В квартире была какая-то странная, зловещая тишина. По испуганному лицу жены, по тому, как она недоверчиво, крадено взглянула на него и затем уткнулась глазами куда-то в пол, Дмитрий Ефимович понял: что-то произошло неприятное.

— А Колька где?

— Анастасию Васильевну увезли в больницу, — сказала Нина Ивановна, будто не слыша вопроса.

— А что с ней? — Он отметил про себя, что спрашивает намеренно удивленно, хотя удивляться вроде бы нечему.

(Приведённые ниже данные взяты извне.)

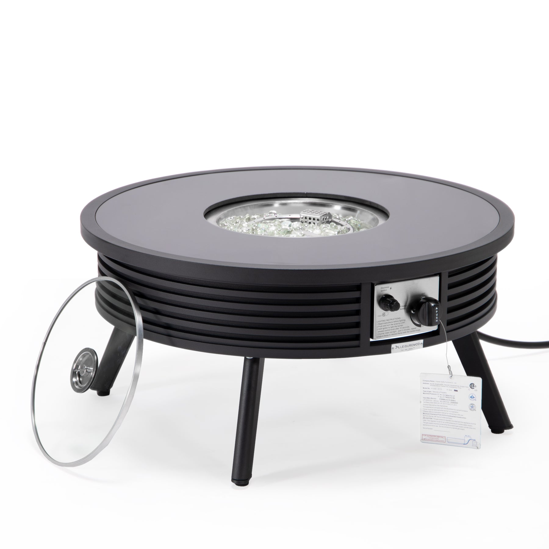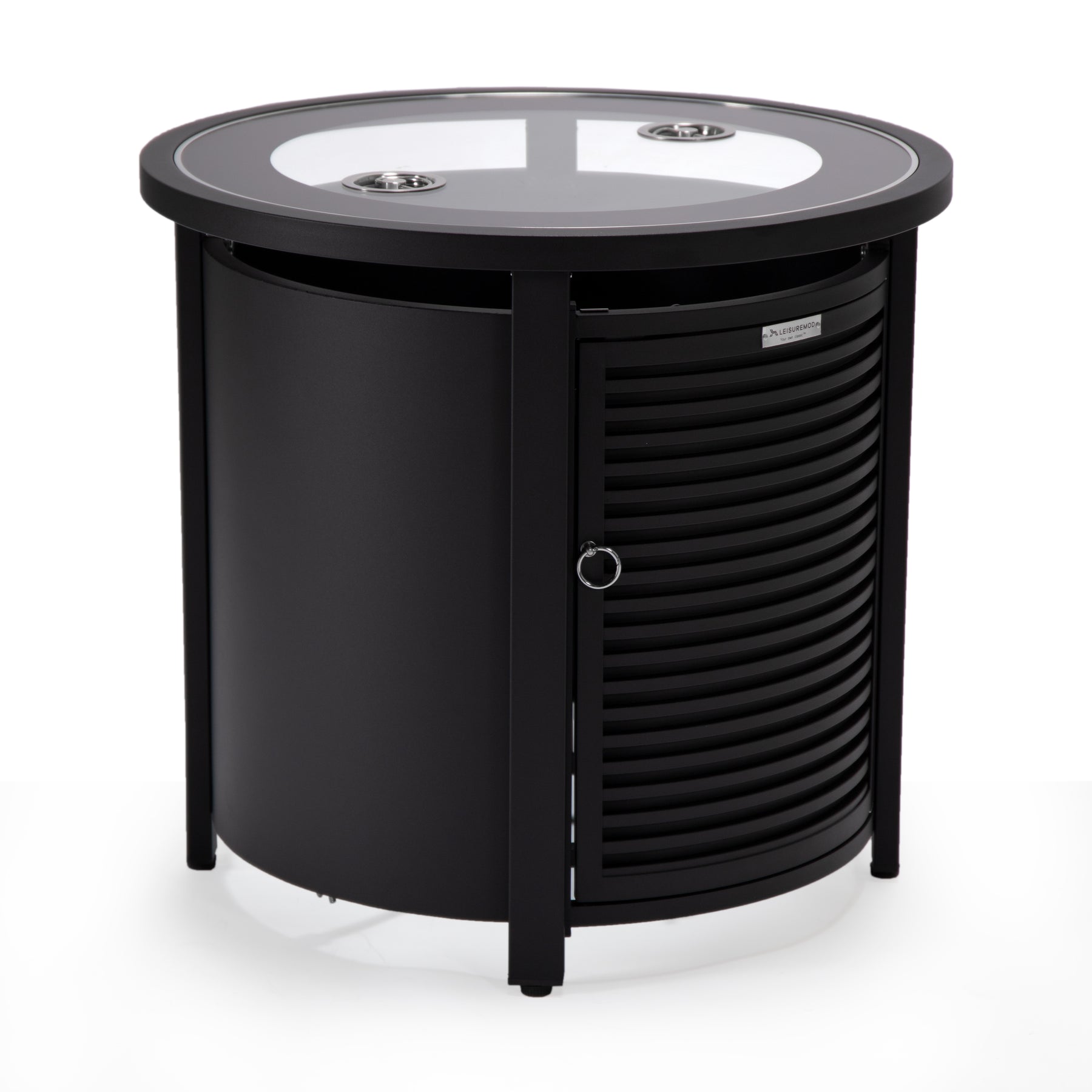 Create a warm and inviting atmosphere in your outdoor space with the Walbrooke Fire Pit and Tank Cover Set. Both the fire pit and tank holder are versatile addition to your patio set as it doubles as a side table, providing convenience and functionality to your outdoor space. This set allows you to experience the ultimate backyard ambiance throughout the year. Gather around the cozy fire, enjoying food and drinks, while being captivated by the mesmerizing flames. Equipped with a 37,000 BTU CSA-certified burner, this fire pit offers the pleasures of a classic fire without the hassle of dealing with ashes. The lid provides the option to close the surface top, transforming the fire pit into a stylish tabletop, perfect for serving refreshments or displaying decorative items. Crystal stones are included to beautifully accentuate the flames, adding an element of elegance to your outdoor space. The fire pit is equipped with a tempered glass shield, ensuring safety while enjoying the warmth of the flames. Lighting the fire pit is a breeze with the multi-spark electronic ignition system. This convenient feature, coupled with an adjustable flame, allows you to easily control the intensity of the fire. The ignition system is battery-powered, utilizing AAA batteries, providing a hassle-free lighting experience. The tank holder features a cleverly designed space for a gas tank, allowing you to keep it hidden from view, eliminating any unsightly appearance that may disrupt the beauty of your patio area. Crafted with high-quality materials and designed to withstand various weather conditions, the Walbrooke Fire Pit and Tank Cover set will continue to impress and delight for years to come.

— Я вызвала «скорую». С сердцем чо-то.

— А что врач сказал?

— Проверяться надо, сказал. Сразу-то рази определишь.

Она хотела еще что-то сказать, уже раскрыла рот, но тут же закрыла.

— Ну?! — Это прозвучало как вопрос.

— Зря ты на нее налеташь, Митрий.

— Где Колька?

— Ушел куда-то.

Колька был вроде гостиничного жильца, поспит и где-то допоздна шатается. Молчаливый, медлительный, бука букой. Но старший Пискунов знает, что сын только дома такой, а в школе с ребятами бывает и разговорчивым.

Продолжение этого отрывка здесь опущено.